Work instruction:
Scan the listing below. Copy each line that contains "temperature".

Available data:

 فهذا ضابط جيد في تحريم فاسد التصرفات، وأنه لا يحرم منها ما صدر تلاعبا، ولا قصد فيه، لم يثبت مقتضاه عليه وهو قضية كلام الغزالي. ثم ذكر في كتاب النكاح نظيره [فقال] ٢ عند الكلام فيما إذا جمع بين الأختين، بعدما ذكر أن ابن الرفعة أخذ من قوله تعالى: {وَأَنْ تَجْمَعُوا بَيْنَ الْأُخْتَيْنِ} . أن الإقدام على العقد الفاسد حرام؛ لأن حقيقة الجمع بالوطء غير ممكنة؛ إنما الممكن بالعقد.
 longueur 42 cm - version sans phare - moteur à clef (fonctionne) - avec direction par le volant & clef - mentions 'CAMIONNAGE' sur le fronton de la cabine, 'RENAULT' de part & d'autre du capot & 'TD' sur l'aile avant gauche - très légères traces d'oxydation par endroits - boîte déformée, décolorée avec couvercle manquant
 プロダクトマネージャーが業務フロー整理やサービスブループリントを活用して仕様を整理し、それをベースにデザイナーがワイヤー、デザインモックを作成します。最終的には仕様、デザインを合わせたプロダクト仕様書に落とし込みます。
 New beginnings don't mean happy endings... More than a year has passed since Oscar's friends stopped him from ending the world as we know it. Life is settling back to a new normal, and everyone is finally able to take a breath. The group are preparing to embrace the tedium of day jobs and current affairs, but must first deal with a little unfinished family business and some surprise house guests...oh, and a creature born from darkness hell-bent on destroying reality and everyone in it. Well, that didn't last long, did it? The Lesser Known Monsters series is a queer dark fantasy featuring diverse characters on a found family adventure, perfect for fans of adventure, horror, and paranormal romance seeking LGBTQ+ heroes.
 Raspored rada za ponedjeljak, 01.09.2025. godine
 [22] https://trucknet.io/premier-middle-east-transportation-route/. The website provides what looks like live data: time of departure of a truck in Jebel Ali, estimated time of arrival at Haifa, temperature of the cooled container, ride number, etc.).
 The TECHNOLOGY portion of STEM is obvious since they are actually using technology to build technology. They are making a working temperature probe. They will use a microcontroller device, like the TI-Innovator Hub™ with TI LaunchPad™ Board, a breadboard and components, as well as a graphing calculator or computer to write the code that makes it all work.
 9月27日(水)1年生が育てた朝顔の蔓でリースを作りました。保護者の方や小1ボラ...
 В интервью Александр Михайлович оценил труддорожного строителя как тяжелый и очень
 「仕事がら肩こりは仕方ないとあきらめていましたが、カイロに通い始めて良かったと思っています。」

--

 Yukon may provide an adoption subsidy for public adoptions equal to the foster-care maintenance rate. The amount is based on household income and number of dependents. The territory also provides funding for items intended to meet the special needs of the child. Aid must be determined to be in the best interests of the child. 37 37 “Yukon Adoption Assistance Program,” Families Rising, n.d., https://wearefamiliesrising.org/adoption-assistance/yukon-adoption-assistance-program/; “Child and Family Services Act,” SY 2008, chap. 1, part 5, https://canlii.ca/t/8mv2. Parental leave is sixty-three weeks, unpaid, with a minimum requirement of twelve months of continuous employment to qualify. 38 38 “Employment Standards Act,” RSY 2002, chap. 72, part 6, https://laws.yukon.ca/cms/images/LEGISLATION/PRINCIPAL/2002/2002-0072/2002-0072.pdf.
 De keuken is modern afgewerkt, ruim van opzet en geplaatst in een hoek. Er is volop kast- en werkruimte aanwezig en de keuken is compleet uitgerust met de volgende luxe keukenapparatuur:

* * *

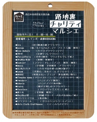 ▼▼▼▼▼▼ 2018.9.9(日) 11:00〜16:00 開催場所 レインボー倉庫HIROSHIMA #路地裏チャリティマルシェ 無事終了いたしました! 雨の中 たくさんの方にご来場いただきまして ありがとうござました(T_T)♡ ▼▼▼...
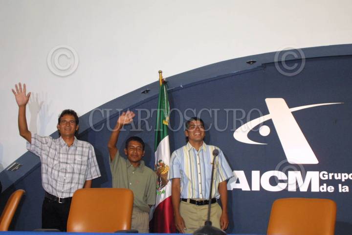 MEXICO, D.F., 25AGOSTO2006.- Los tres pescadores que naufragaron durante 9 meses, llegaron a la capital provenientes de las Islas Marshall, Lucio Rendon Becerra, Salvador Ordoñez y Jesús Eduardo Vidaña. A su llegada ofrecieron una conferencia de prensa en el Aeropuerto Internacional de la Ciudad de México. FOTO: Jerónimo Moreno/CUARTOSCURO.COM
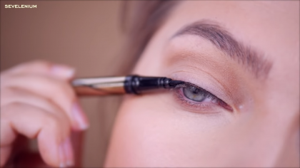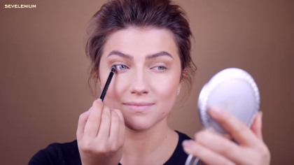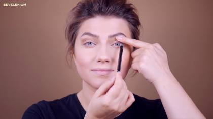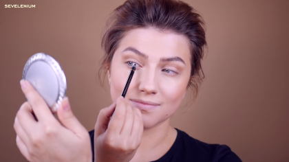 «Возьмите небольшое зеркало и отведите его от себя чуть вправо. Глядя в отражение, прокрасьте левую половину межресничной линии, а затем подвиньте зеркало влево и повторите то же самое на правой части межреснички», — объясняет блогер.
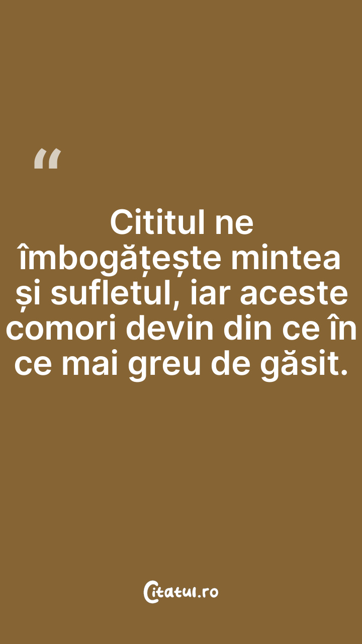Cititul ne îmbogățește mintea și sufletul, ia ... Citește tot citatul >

Completed exercise:
 [22] https://trucknet.io/premier-middle-east-transportation-route/. The website provides what looks like live data: time of departure of a truck in Jebel Ali, estimated time of arrival at Haifa, temperature of the cooled container, ride number, etc.).
 The TECHNOLOGY portion of STEM is obvious since they are actually using technology to build technology. They are making a working temperature probe. They will use a microcontroller device, like the TI-Innovator Hub™ with TI LaunchPad™ Board, a breadboard and components, as well as a graphing calculator or computer to write the code that makes it all work.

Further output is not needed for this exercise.